TASK STATEMENT ->
Retype each line of the material exactly, please, skipping any picture in it.

INFORMATION GIVEN ->
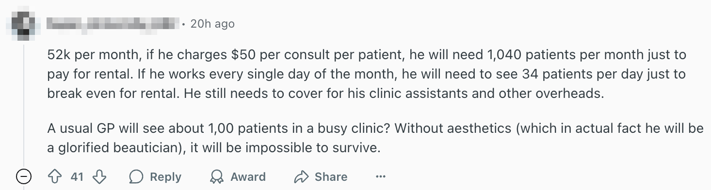 One commenter even did the maths, estimating that if the clinic charges S$50 per consultation, it would need to see at least 1,040 patients a month just to cover rent — excluding staff salaries and other overheads.
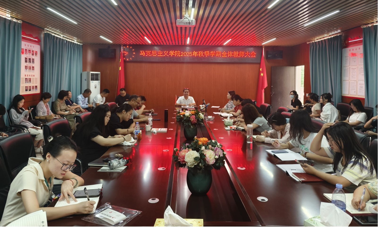 9月4日上午,马克思主义学院在25栋203会议室召开了2025年秋季学期全体教师大会,马克思主义学院全体教师参与,会议由学院党总支书记、院长刘潇潇主持。
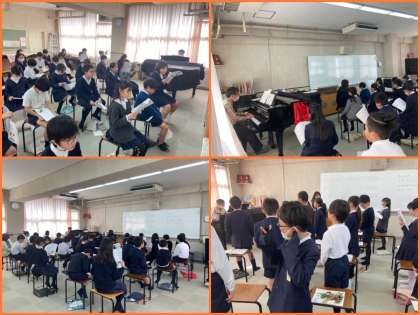 音楽科では、通常の学習に加えて、3月1日(金)に行われる卒業お祝い集会の歌の練習をしています。
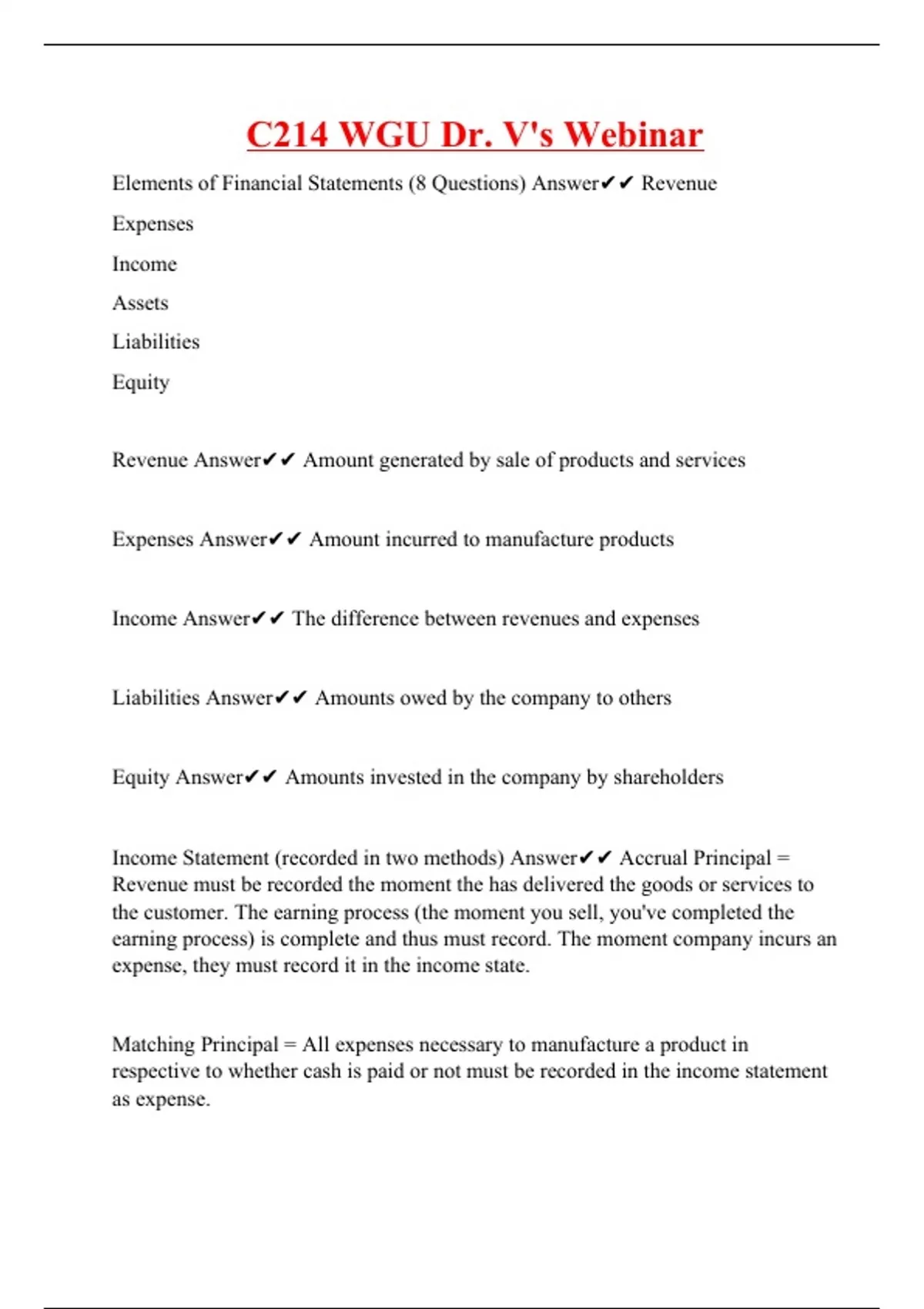 Elements of Financial Statements (8 Questions) Answer Revenue Expenses Income Assets Liabilities Equity Revenue Answer Amount generated by sale of products and services Expenses Answer Amount incurred to manufacture products Income Answer The difference between revenues and expenses Liabilities Answer Amounts owed by the company to others Equity Answer Amounts invested in the company by shareholders Income Statement (recorded in two methods) Answer Accrual Principal = Revenue must be recorded the moment the has delivered the goods or services to the customer. The earning process (the moment you sell, you've completed the earning process) is complete and thus must record. The moment company incurs an expense, they must record it in the income state. Matching Principal = All expenses necessa
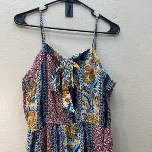 Band of Gypsies Tie Front Smocked Boho Print Floral Dress Maxi Summer Festival indie bohemian mixed media patchwork print sundress
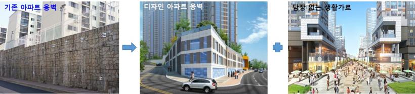 ´õºÒ¾î º¸ÇàÀÚ¿¡°Ô À§¾Ð°¨À» Á¶¼ºÇÏ´Â 3m ÀÌ»ó ¿Ëº®Àº µðÀÚÀÎ °èȹÀ» ¼ö¸³ÇØ µðÀÚÀÎ ¿Ëº® ¶Ç´Â °è´Ü½Ä ¿Ëº®(Ȱè) µîÀ¸·Î Á¶¼ºÇÑ´Ù.

RESPONSE FOR THIS EXERCISE ->
 One commenter even did the maths, estimating that if the clinic charges S$50 per consultation, it would need to see at least 1,040 patients a month just to cover rent — excluding staff salaries and other overheads.
 9月4日上午,马克思主义学院在25栋203会议室召开了2025年秋季学期全体教师大会,马克思主义学院全体教师参与,会议由学院党总支书记、院长刘潇潇主持。
 音楽科では、通常の学習に加えて、3月1日(金)に行われる卒業お祝い集会の歌の練習をしています。
 Elements of Financial Statements (8 Questions) Answer Revenue Expenses Income Assets Liabilities Equity Revenue Answer Amount generated by sale of products and services Expenses Answer Amount incurred to manufacture products Income Answer The difference between revenues and expenses Liabilities Answer Amounts owed by the company to others Equity Answer Amounts invested in the company by shareholders Income Statement (recorded in two methods) Answer Accrual Principal = Revenue must be recorded the moment the has delivered the goods or services to the customer. The earning process (the moment you sell, you've completed the earning process) is complete and thus must record. The moment company incurs an expense, they must record it in the income state. Matching Principal = All expenses necessa
 Band of Gypsies Tie Front Smocked Boho Print Floral Dress Maxi Summer Festival indie bohemian mixed media patchwork print sundress
 ´õºÒ¾î º¸ÇàÀÚ¿¡°Ô À§¾Ð°¨À» Á¶¼ºÇÏ´Â 3m ÀÌ»ó ¿Ëº®Àº µðÀÚÀÎ °èȹÀ» ¼ö¸³ÇØ µðÀÚÀÎ ¿Ëº® ¶Ç´Â °è´Ü½Ä ¿Ëº®(Ȱè) µîÀ¸·Î Á¶¼ºÇÑ´Ù.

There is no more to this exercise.